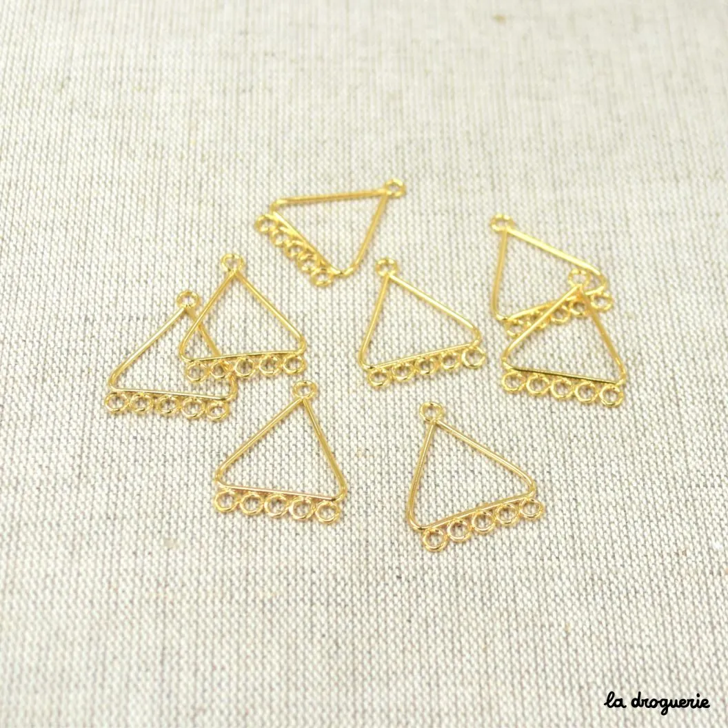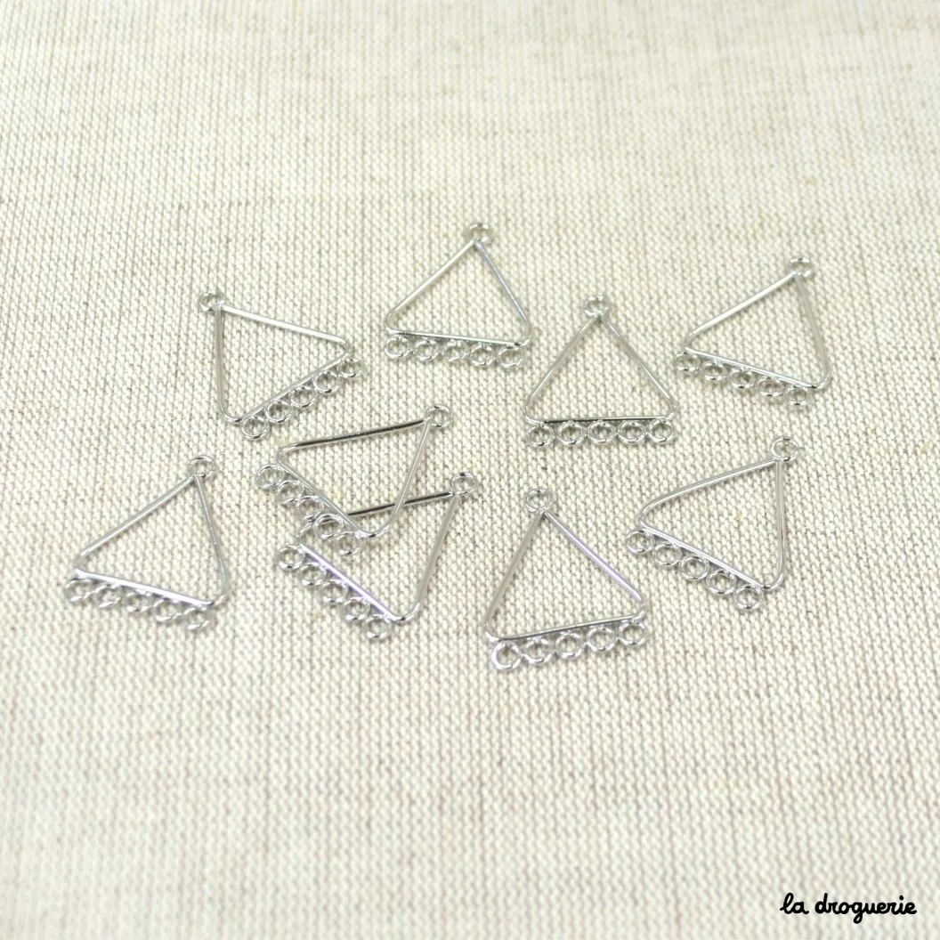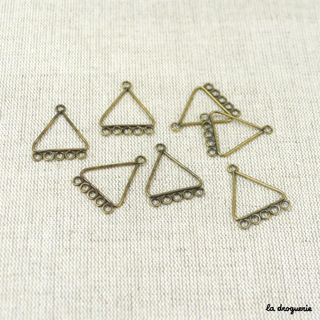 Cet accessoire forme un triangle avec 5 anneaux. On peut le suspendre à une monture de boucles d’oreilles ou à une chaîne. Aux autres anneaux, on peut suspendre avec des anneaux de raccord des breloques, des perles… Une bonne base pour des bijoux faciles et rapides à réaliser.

---+---

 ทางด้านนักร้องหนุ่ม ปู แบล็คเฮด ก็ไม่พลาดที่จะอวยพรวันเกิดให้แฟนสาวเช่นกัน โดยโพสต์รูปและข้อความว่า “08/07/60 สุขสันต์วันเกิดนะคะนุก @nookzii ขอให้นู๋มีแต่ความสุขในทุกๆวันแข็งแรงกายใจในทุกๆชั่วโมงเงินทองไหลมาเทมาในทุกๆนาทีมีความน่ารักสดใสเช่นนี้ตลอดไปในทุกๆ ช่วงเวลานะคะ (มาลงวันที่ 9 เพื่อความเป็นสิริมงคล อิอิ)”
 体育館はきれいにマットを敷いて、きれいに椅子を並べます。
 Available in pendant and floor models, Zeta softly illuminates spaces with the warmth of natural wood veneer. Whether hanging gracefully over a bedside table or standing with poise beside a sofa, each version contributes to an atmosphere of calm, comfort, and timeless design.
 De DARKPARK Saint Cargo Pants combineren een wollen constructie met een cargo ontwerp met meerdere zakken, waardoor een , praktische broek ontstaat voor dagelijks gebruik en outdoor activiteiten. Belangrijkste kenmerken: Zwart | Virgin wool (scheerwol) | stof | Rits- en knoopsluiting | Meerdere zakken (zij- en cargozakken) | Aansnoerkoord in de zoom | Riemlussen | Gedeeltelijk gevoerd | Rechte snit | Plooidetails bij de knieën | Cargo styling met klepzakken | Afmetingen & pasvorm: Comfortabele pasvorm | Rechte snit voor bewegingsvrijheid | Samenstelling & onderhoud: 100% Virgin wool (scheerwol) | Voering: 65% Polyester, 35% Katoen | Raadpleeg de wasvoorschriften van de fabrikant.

---+---

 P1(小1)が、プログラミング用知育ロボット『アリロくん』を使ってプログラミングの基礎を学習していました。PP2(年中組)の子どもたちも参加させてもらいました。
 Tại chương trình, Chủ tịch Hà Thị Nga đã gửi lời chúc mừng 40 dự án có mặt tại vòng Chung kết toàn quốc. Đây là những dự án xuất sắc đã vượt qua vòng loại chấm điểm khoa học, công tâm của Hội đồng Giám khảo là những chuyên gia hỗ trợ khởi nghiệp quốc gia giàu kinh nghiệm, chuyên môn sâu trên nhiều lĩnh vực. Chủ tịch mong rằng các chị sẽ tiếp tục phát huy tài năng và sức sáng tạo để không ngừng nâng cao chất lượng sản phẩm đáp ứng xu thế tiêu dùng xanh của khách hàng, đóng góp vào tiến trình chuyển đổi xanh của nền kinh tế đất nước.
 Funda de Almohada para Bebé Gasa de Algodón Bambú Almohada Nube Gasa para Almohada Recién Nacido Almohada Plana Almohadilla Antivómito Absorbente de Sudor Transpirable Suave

---+---

Taking the listing above as the source, transcribe only the lines starting at the line with "ทางด้านนักร้องหนุ่ม ปู แบล็คเฮด" and going through the line with "Available in pendant", unaltered and with both ends included.

■ **Answer box**:
 ทางด้านนักร้องหนุ่ม ปู แบล็คเฮด ก็ไม่พลาดที่จะอวยพรวันเกิดให้แฟนสาวเช่นกัน โดยโพสต์รูปและข้อความว่า “08/07/60 สุขสันต์วันเกิดนะคะนุก @nookzii ขอให้นู๋มีแต่ความสุขในทุกๆวันแข็งแรงกายใจในทุกๆชั่วโมงเงินทองไหลมาเทมาในทุกๆนาทีมีความน่ารักสดใสเช่นนี้ตลอดไปในทุกๆ ช่วงเวลานะคะ (มาลงวันที่ 9 เพื่อความเป็นสิริมงคล อิอิ)”
 体育館はきれいにマットを敷いて、きれいに椅子を並べます。
 Available in pendant and floor models, Zeta softly illuminates spaces with the warmth of natural wood veneer. Whether hanging gracefully over a bedside table or standing with poise beside a sofa, each version contributes to an atmosphere of calm, comfort, and timeless design.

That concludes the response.